Objectives To assess the cost-effectiveness of hydroxocobalamin versus standard treatment in known or suspected CN poisoning in Belgium.

Methods Probabilities for neurological sequelae and mortality were applied based on phase III trials, literature data and the hydroxocobalamin preclinical trial. Since no cost and utility data for CN poisoning exist, costs and utilities of very comparable or related diseases derived from publicly available Belgian sources and literature were applied. Direct medical costs from the public healthcare payer's perspective were used. The time horizon was 1 year. Sensitivity analyses were performed to assess the robustness of the results.

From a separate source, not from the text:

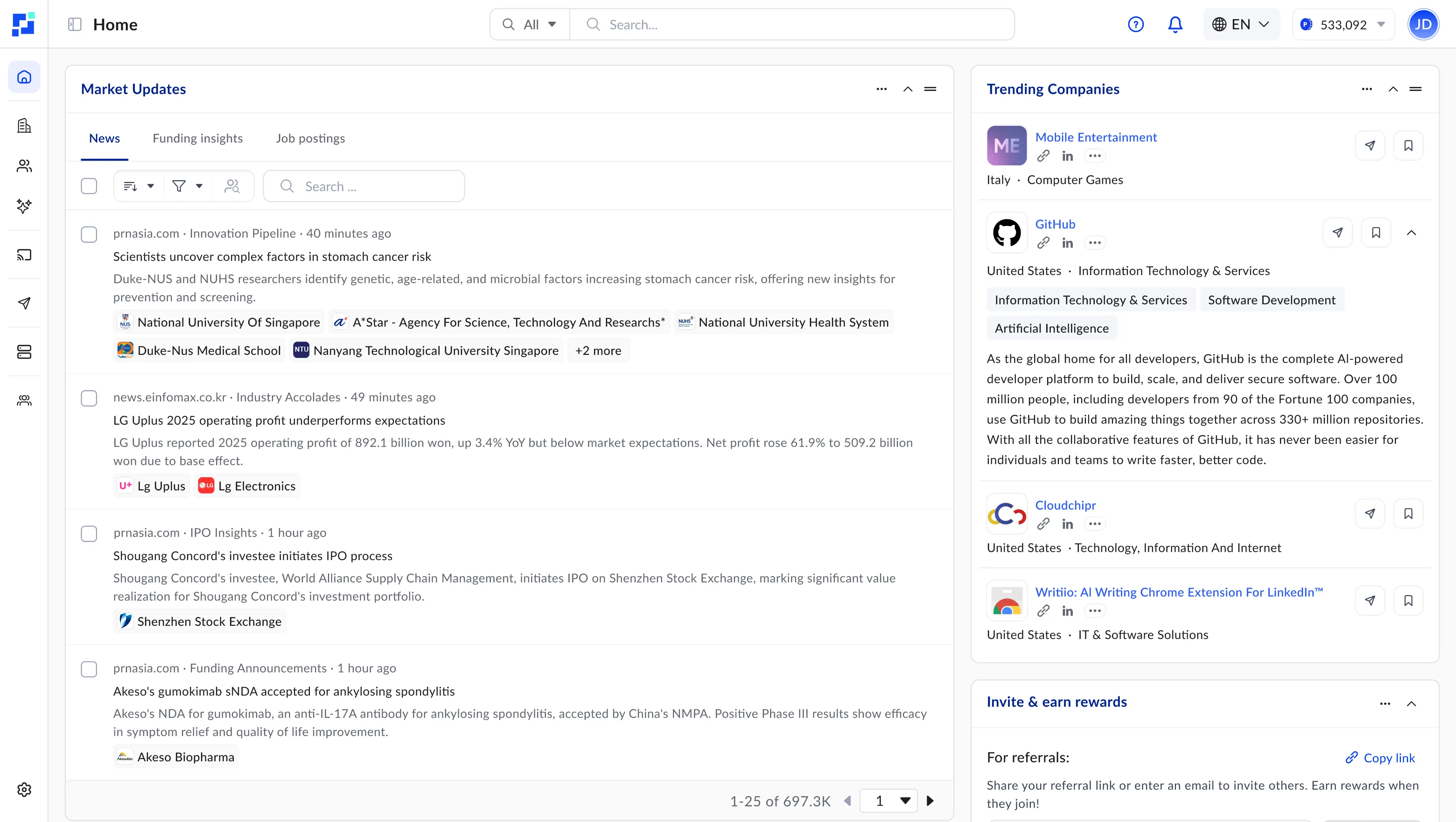 Access 120K+ daily signals including news, funding, jobs, tech trends, and competitor tracking to uncover new business opportunities quickly.

Results Base-case analyses versus standard treatment revealed cost-effective results (incremental cost-effectiveness ratio=9921€/QALY) in suspected CN poisoning and dominance (more effective and cost-saving) in known CN poisoning. It was determined that 17 lives could be saved and one sequel prevented per year on a national level using hydroxocobalamin treatment. One-way sensitivity analyses varying efficacy, costs, utilities and time horizon demonstrated the robustness of the results. The results were most sensitive to the probability of death and neurological sequelae, but remained within acceptable limits of cost-effectiveness. Furthermore, it was shown that a longer time frame (5 or 10 years) leads to even more favourable cost-effective results.

Conclusions Hydroxocobalamin appears cost-effective to dominant compared with standard treatment in CN poisoning from a healthcare payer's perspective.